[Saved entries]
------------------------------
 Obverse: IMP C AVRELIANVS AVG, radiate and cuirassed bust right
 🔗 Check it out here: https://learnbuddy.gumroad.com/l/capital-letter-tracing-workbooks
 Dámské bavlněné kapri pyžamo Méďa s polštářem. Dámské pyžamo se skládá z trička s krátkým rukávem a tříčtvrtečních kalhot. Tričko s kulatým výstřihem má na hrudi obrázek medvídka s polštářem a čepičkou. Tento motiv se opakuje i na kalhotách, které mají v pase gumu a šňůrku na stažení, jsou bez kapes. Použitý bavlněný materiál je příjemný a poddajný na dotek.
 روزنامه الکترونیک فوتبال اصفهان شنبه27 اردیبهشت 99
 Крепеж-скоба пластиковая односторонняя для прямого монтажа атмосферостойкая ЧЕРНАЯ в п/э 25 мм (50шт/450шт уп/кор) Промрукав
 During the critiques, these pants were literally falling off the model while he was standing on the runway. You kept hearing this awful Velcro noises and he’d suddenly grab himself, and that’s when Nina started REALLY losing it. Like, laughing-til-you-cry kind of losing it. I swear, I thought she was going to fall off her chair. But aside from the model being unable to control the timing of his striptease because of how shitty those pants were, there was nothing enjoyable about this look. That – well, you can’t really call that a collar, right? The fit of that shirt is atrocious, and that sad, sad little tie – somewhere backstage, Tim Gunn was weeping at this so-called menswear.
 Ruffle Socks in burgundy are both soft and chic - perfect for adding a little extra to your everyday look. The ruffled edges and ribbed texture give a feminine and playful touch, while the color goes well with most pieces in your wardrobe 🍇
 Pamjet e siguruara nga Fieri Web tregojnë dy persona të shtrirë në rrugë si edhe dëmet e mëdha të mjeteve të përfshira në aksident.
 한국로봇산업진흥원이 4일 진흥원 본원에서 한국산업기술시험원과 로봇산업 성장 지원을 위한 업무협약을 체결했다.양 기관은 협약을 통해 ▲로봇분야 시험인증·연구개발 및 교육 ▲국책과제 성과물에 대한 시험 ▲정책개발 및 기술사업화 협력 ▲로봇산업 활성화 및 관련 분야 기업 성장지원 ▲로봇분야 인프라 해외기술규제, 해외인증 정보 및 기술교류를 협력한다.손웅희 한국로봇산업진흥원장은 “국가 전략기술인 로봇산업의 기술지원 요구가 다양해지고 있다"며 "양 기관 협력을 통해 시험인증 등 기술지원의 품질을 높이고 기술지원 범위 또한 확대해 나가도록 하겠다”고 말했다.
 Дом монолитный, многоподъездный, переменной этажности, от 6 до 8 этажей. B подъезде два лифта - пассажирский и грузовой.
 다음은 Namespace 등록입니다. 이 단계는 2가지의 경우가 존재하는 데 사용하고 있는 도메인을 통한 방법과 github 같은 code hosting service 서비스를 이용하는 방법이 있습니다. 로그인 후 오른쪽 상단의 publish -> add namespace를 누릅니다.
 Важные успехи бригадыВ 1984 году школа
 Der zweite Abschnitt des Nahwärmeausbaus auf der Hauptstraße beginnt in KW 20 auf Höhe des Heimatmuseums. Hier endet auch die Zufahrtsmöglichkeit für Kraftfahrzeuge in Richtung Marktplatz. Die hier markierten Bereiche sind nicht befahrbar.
------------------------------
**WORK INSTRUCTION:**
Here the output must be the lines above from the line with "روزنامه الکترونیک فوتبال" to the line with "Крепеж-скоба пластиковая односторонняя", both included, duplicated word for word and nothing else.

**EXERCISE SOLUTION:**
 روزنامه الکترونیک فوتبال اصفهان شنبه27 اردیبهشت 99
 Крепеж-скоба пластиковая односторонняя для прямого монтажа атмосферостойкая ЧЕРНАЯ в п/э 25 мм (50шт/450шт уп/кор) Промрукав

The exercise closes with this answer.